### WHAT THIS TASK INVOLVES
Output exactly, in the material below, the lines from the one with "王水汀教授结合个人从教经历,讲述了思政教" through the one with "Mug original avec". Omit all pictures.

*** Opening of DATA FOR THIS EXERCISE ***

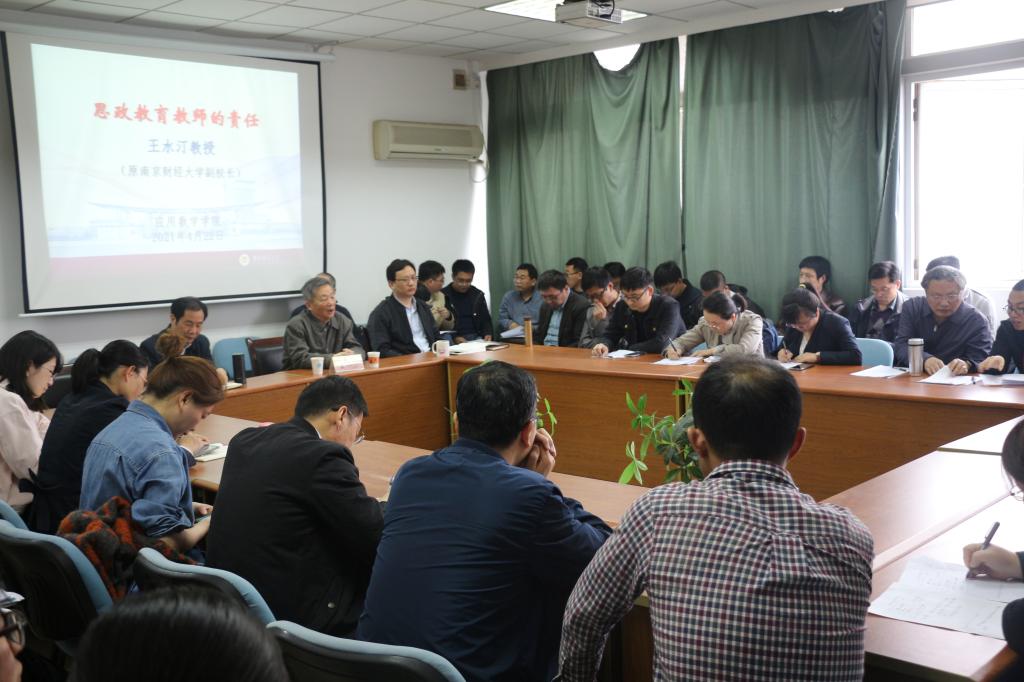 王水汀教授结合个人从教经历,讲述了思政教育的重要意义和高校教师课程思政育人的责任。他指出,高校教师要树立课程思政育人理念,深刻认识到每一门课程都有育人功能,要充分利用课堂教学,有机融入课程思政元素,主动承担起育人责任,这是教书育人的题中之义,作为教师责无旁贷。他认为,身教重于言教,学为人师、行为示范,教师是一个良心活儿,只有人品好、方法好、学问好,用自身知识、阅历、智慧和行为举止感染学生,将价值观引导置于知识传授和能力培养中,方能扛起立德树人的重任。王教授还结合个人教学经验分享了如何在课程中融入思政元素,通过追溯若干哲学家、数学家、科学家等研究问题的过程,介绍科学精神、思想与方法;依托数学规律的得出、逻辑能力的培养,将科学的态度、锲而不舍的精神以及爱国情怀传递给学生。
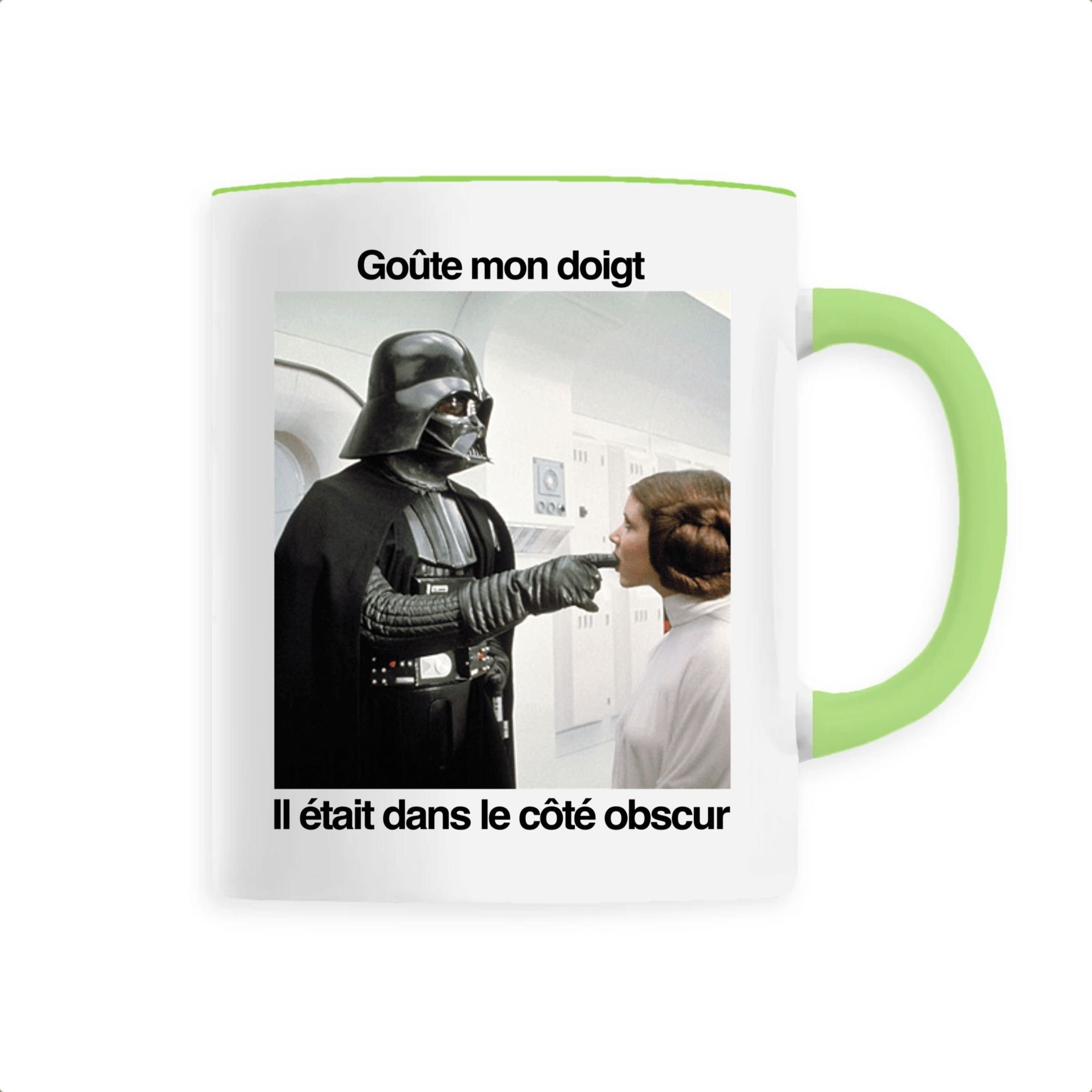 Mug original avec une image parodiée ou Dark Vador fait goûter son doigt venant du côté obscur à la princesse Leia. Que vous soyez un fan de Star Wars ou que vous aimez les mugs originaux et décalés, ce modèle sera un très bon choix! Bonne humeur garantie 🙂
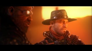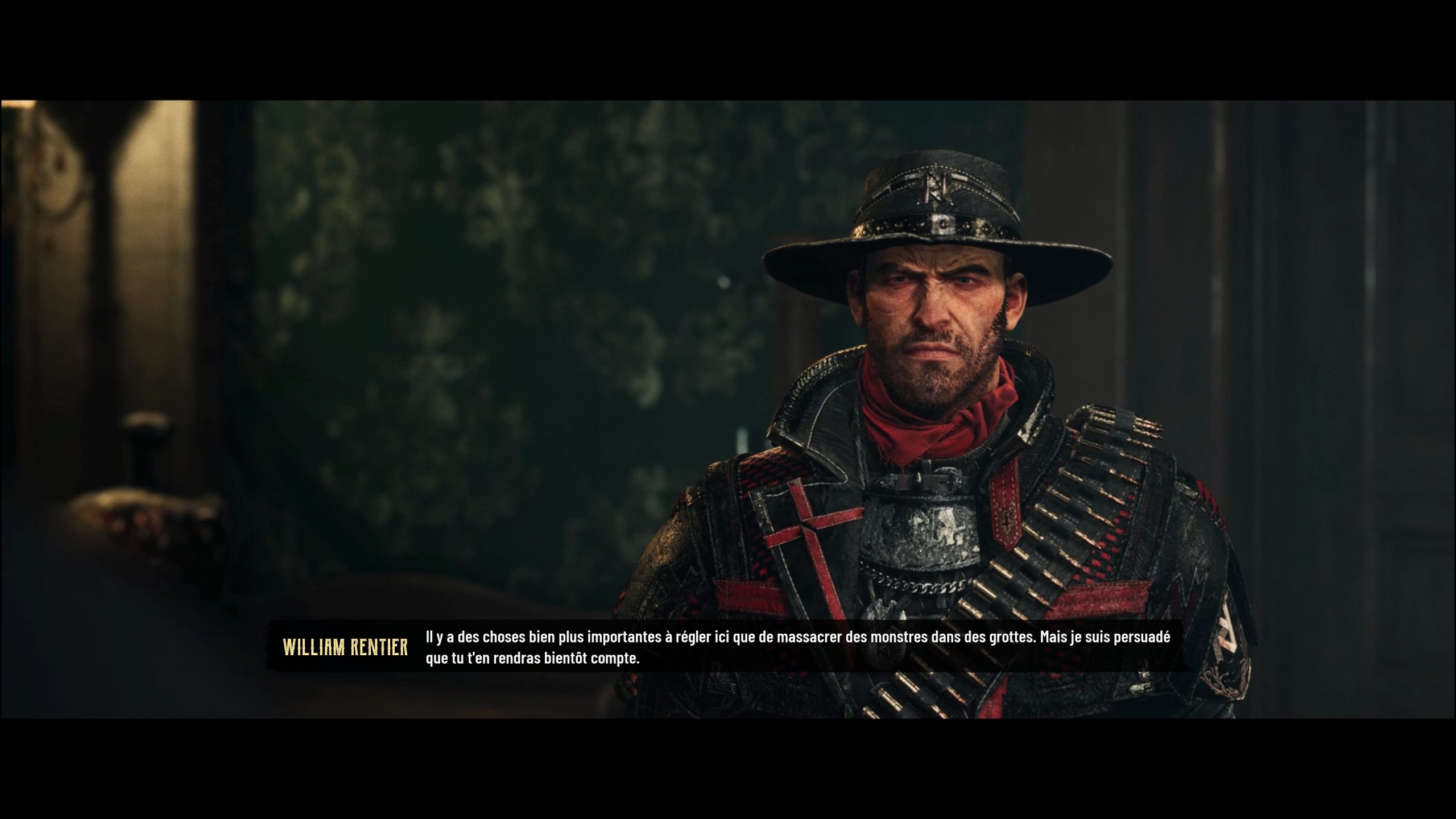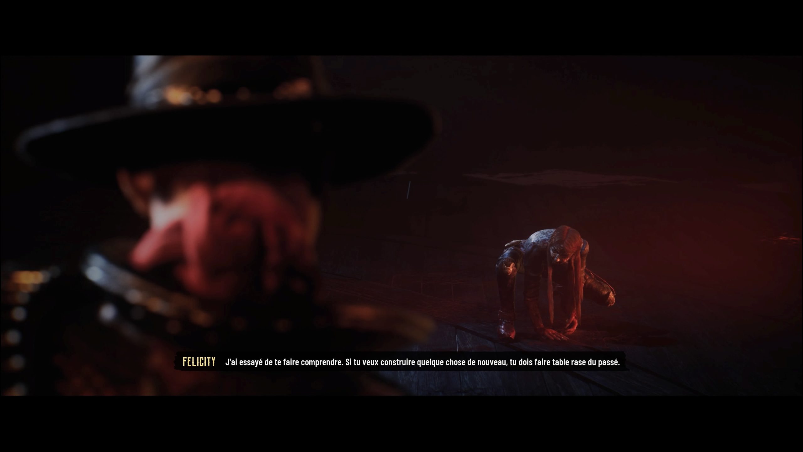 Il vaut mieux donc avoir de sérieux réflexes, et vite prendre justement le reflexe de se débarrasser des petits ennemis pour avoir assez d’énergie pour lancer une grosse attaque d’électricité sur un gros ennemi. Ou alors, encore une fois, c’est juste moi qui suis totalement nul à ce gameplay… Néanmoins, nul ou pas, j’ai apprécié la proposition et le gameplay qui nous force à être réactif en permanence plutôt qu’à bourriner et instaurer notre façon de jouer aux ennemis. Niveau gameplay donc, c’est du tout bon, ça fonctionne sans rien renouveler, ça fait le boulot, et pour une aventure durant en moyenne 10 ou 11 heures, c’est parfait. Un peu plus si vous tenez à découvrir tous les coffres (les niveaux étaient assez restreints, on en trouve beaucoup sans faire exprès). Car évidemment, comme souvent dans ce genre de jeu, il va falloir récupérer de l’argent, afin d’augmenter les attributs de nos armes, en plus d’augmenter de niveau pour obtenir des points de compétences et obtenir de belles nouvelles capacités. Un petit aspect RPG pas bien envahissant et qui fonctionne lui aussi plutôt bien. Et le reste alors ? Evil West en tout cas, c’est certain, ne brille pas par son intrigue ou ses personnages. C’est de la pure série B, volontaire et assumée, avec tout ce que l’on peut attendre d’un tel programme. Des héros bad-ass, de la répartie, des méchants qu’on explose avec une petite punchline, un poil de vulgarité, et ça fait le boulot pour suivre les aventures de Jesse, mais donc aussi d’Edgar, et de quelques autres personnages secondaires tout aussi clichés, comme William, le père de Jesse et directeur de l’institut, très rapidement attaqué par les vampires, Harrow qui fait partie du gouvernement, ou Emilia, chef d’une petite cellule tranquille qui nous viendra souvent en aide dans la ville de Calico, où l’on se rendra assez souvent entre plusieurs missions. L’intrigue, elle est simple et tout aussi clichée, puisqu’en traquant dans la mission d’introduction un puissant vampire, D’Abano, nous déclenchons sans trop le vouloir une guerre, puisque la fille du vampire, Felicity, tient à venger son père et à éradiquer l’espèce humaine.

*** Close of DATA FOR THIS EXERCISE ***
*** Opening of DATA FOR THIS EXERCISE ***

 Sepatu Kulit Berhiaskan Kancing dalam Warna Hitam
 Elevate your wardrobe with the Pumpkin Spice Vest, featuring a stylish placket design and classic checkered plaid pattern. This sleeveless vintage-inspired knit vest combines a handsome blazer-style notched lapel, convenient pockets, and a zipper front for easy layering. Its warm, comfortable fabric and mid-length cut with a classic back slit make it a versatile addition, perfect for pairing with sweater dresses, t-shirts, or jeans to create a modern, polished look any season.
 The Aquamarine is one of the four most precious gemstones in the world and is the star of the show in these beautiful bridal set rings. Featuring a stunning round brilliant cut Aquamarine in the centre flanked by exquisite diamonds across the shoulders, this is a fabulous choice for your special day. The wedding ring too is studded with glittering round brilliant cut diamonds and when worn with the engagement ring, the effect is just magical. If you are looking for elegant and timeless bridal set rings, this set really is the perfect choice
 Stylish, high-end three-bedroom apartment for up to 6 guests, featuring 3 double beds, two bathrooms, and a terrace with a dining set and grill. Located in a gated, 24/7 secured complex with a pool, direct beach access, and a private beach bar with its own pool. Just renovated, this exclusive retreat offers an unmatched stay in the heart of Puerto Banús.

*** Close of DATA FOR THIS EXERCISE ***
*** Opening of DATA FOR THIS EXERCISE ***

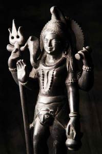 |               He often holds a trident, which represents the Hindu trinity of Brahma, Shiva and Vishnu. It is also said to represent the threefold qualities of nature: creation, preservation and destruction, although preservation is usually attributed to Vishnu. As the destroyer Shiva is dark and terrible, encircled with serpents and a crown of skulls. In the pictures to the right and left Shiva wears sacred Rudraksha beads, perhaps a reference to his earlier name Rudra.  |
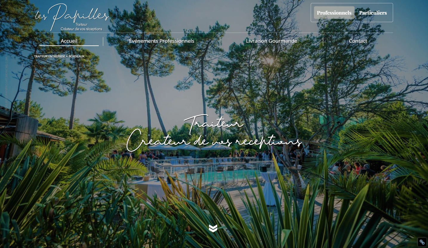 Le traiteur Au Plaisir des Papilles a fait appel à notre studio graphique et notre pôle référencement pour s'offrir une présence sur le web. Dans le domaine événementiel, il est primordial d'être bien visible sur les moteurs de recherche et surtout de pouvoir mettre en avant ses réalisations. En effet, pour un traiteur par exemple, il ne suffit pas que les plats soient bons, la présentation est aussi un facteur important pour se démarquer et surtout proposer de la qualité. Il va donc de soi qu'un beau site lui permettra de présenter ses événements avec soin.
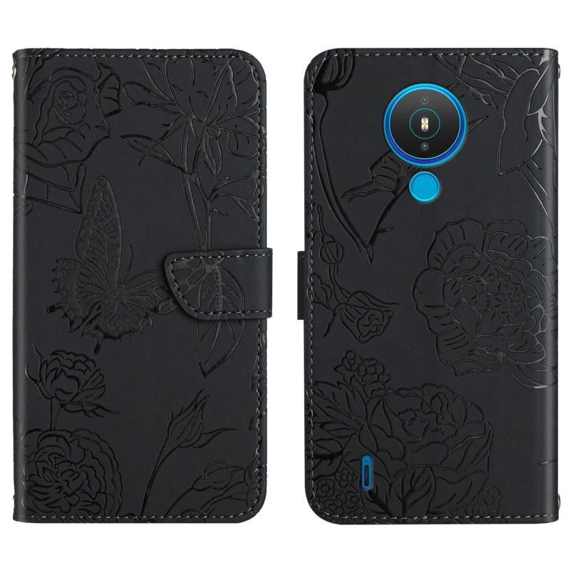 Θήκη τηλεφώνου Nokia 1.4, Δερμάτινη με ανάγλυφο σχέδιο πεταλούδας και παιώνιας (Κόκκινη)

*** Close of DATA FOR THIS EXERCISE ***

### SOLVED PROBLEM
 王水汀教授结合个人从教经历,讲述了思政教育的重要意义和高校教师课程思政育人的责任。他指出,高校教师要树立课程思政育人理念,深刻认识到每一门课程都有育人功能,要充分利用课堂教学,有机融入课程思政元素,主动承担起育人责任,这是教书育人的题中之义,作为教师责无旁贷。他认为,身教重于言教,学为人师、行为示范,教师是一个良心活儿,只有人品好、方法好、学问好,用自身知识、阅历、智慧和行为举止感染学生,将价值观引导置于知识传授和能力培养中,方能扛起立德树人的重任。王教授还结合个人教学经验分享了如何在课程中融入思政元素,通过追溯若干哲学家、数学家、科学家等研究问题的过程,介绍科学精神、思想与方法;依托数学规律的得出、逻辑能力的培养,将科学的态度、锲而不舍的精神以及爱国情怀传递给学生。
 Mug original avec une image parodiée ou Dark Vador fait goûter son doigt venant du côté obscur à la princesse Leia. Que vous soyez un fan de Star Wars ou que vous aimez les mugs originaux et décalés, ce modèle sera un très bon choix! Bonne humeur garantie 🙂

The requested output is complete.